Оттолкнув его, она опустилась на стул и сказала грубо:
— Стану я думать про ваши пакости!
— Да ведь делала ты их?
— Так что? — бормотала она. — Не своей волей, он за меня богу ответчик…
Не думая, со зла на Посулова, Кожемякин предложил ей:
— Вот что, Марфа, бросай мужа, переходи ко мне!
Но она, вскинув голову, сердито усмехнулась в лицо ему, укоризненно сказав:
— Эко вывез! А ещё говорят — начитанный ты да умный! Разве можно от мужа уходить? Это — распутницы делают одни…
— Какой он тебе муж, дура! — крикнул Кожемякин.
— Законный, венчанный! А ты — уходи! — бормотала она, глядя в пол.
Потом, смешно надув губы, задумалась на минуту и вдруг снова ясно проговорила:
— И Николая нет. Господи…
— Какого Николая?
— Никакого! Что тебе? — закричала она, сидя, точно связанная.
В комнате было темно и тесно; Кожемякин, задевая за стулья и столы, бродил по ней, как уставшая мышь в ловушке, и слышал ворчливый голос:
— А ещё думала я — с этим, мол, хоть слово сказать можно.
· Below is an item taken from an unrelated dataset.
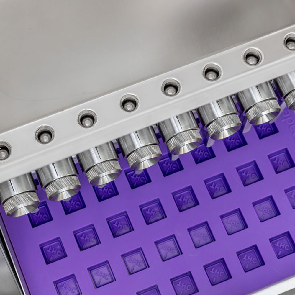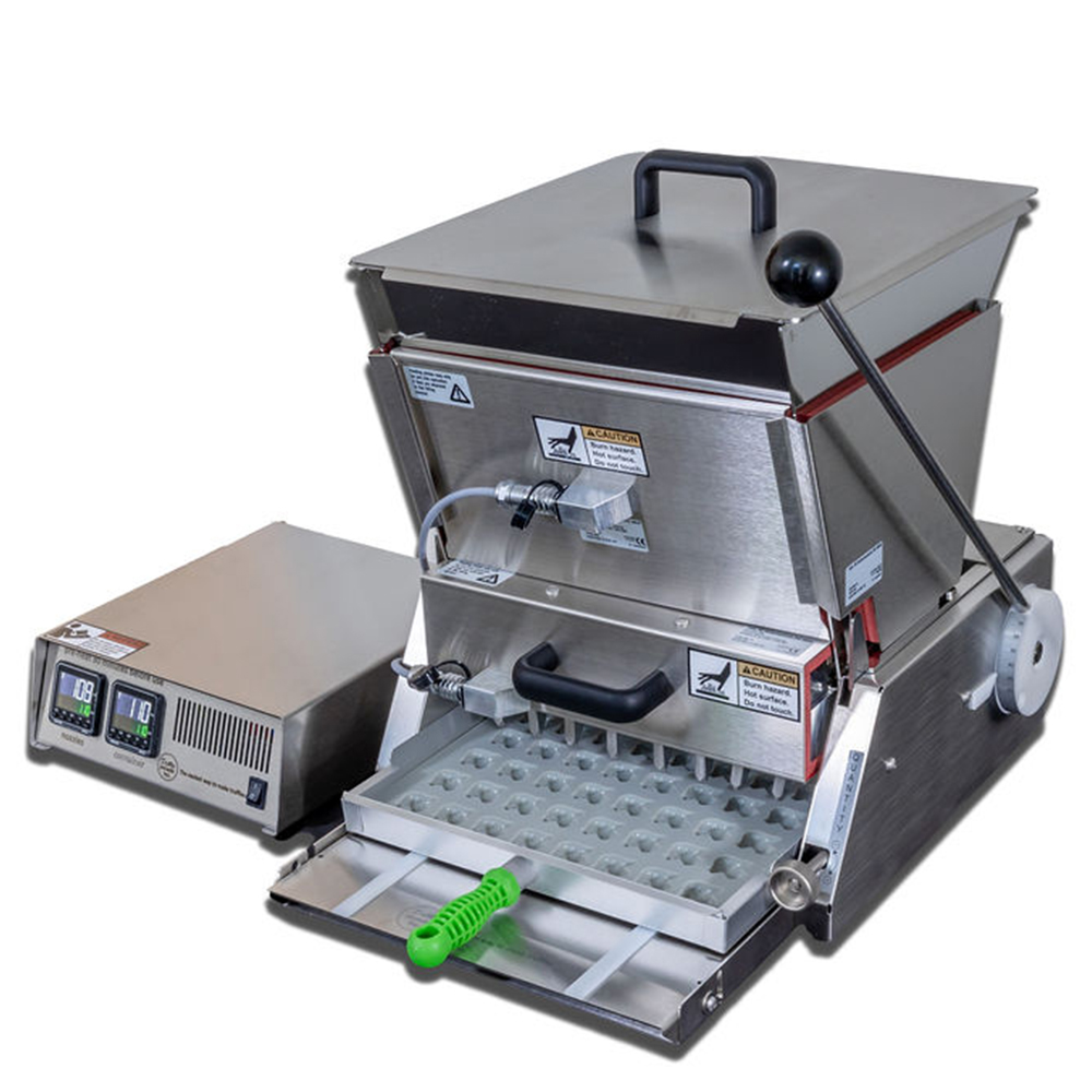 The Universal Candy Depositor for chocolate, gummies, taffy, caramel, hard candy and more, is designed to work with with most standard molds on the market, including silicone and polycarbonate up to 11.5 inches wide, it delivers accurately metered fillings with great flexibility. Stainless steel construction with adjustable depositing nozzles that can be easily positioned to each mold layout.

А ты тоже только сопеть умеешь…
Лицо у неё было новое: слиняло всё и дрожало, глаза округлились и тупо, оловянные, смотрели прямо перед собою, должно быть, ничего не видя.
— Прощай, — сказал Кожемякин, протянув ей руку.
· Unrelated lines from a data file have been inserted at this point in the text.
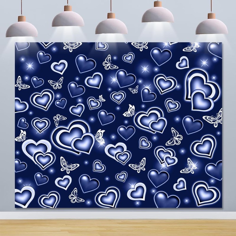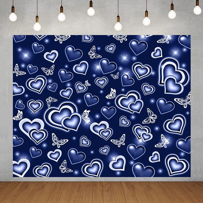 Royal Blue Early 2000s Heart Photo Backdrop 10x8ft Glitter Love Heart Butterfly Early 2000s Party Decorations Old School Backdrops Valentine's Day Background Happy Birthday Banner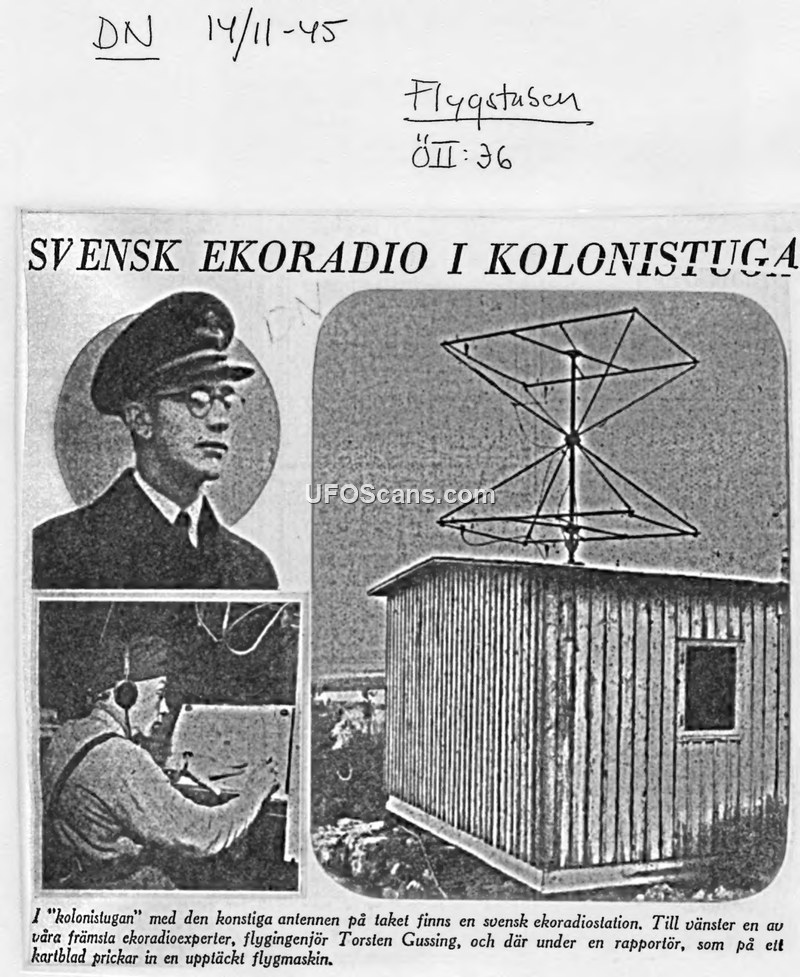 A 1945 press clipping documenting Swedish radar technology and the work of flight engineer Torsten Gussing in tracking aircraft.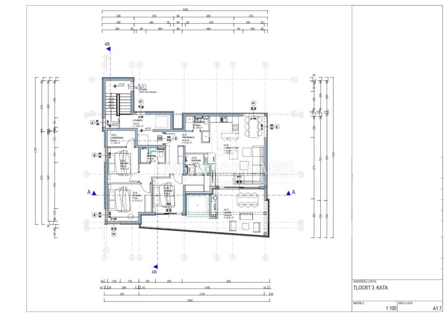 Sastoji se od ulaznog predsoblja, garderobe, dvije kupaonice, toaleta, tri spavaće sobe, te otvorenog dnevnog prostora koji uključuje kuhinju, blagovaonicu i dnevni boravak s izlazom na prostranu loggiu površine 35,40 m² s koje se pruža pogled na more.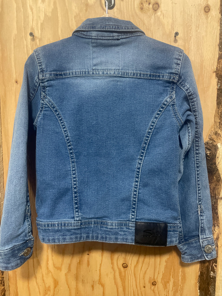 USED-Silver Evelyn Trucker Kids Jean Jacket-Size 6 is backordered and will ship as soon as it is back in stock.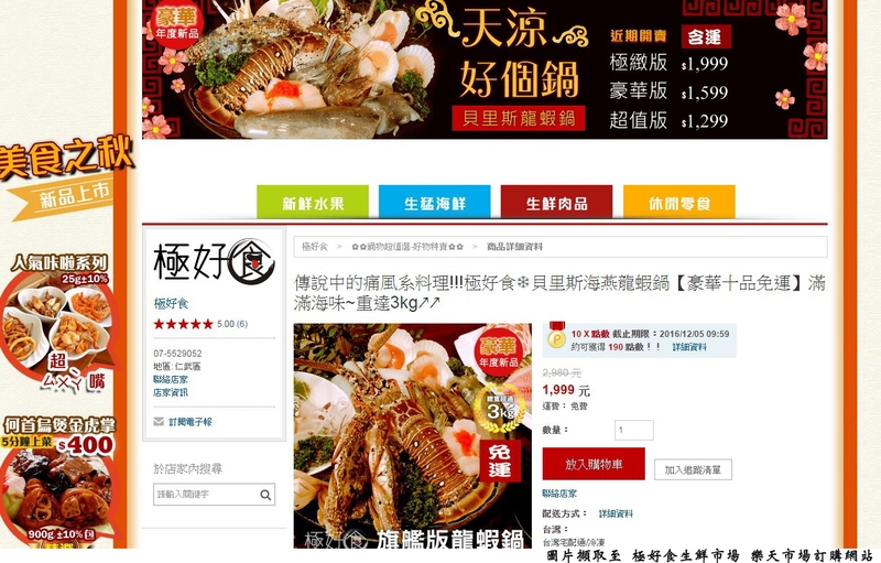 看到樂天市場中「極好食」網頁 以傳說中的痛風系料理為標題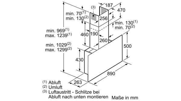 Dimensions appareil en évacuation d'air (HxLxP): 969-1239 x 890 x 263 mm

Она повела плечом и, не подав ему руки, отвернувшись, сурово сказала:
— Иди — бог простит…
Кожемякин вышел на улицу в облаке злых мыслей: хотелось сделать что-то такое, что на всю жизнь ущемило бы сердце Посулова неизбывной болью и обидой.
В бескрасочной мутной дали полинявших полей, на краю неба стояла горой синеватая туча, от неё лениво отрывались тяжёлые клочья и ползли к городу низко над холмами.
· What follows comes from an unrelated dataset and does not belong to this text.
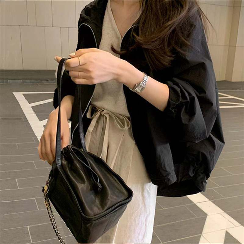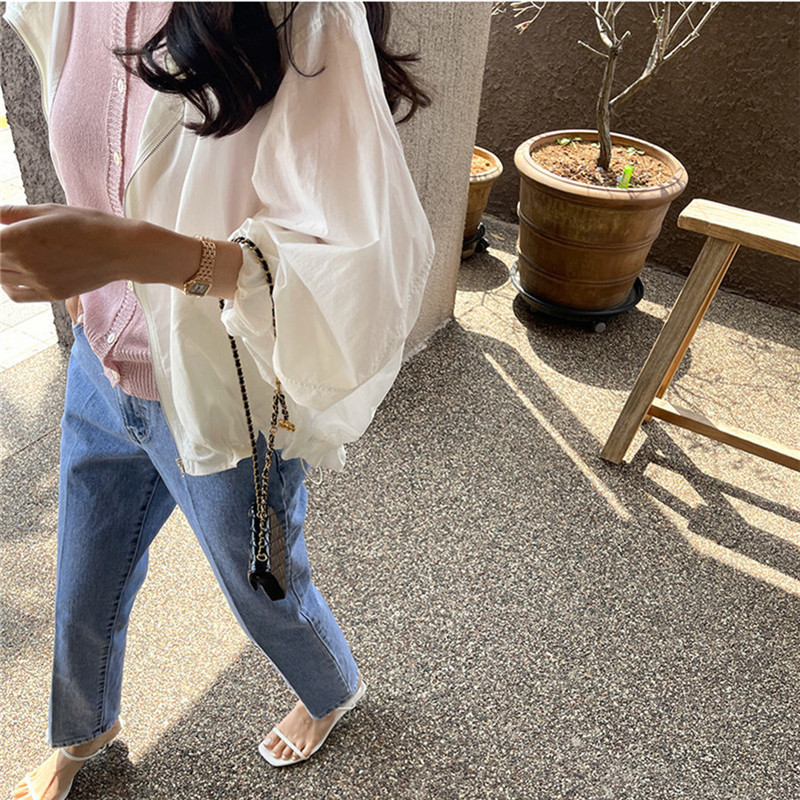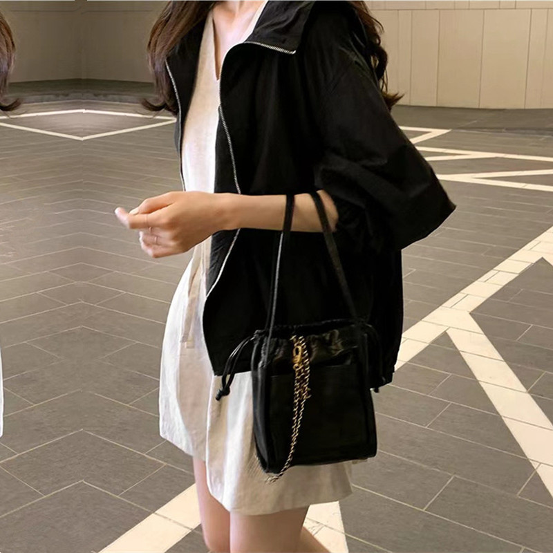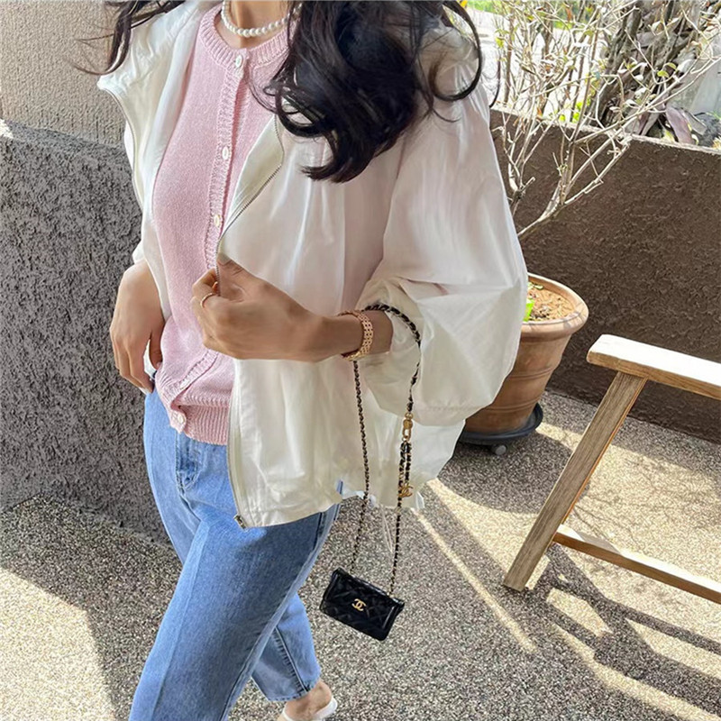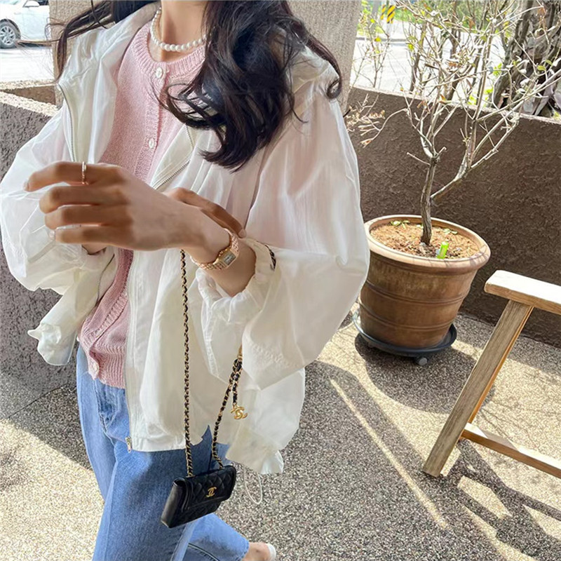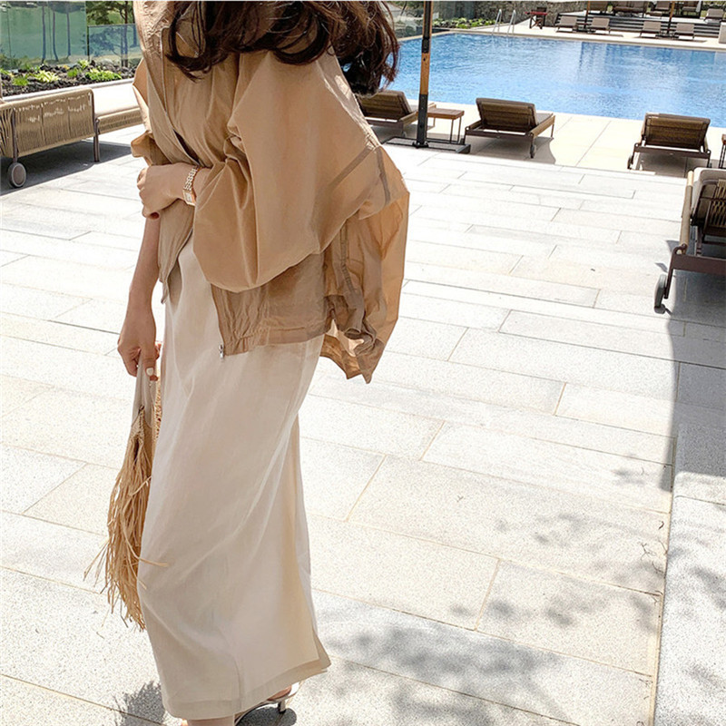 Cổ đứng khớp đúng với có mũ trùm đầu áo khoác chống nắng hàng đầu 2023 mới dây rút nhỏ thắt lưng điều hòa áo khoác nữ

«Выберу целковый похуже, поистрёпанней, — выдумывал он, шагая вдоль заборов, — и пошлю ему с припиской: за пользование женой твоей хорошей, с твоего на то согласия. Нельзя этого — Марфу заденешь! А — за что её? Ну, и несчастна же она! И глупа! Изобью Алёшку…»
С этим решением, как бы опасаясь утратить его, он быстро и круто повернул к «Лиссабону», надеясь встретить там мясника, и не ошибся: отвалясь на спинку стула, надув щёки, Шкалик сидел за столом, играя в карты с Никоном. Ни с кем не здороваясь, тяжело топая ногами, Кожемякин подошёл к столу, встал рядом с Посуловым и сказал приглушённым голосом:
— Здорово!
— Здравствуй, — ответил мясник, рассматривая карты. — Ты что — забыл, где я живу?
Он не взглянул на Кожемякина и говорил равнодушно, покачивая головой, озабоченно подняв веер карт к носу, точно нюхая их.
Кожемякин пододвинул ногою стул, грузно опустился на него и молчал, губы его тряслись. Он смотрел сбоку на Посулова, представляя, как ударит кулаком по этой сафьяновой, надутой щеке, по тяжёлому красному уху, и, предвкушая испуг, унижение мясника, дрожал весь мелкой злой дрожью.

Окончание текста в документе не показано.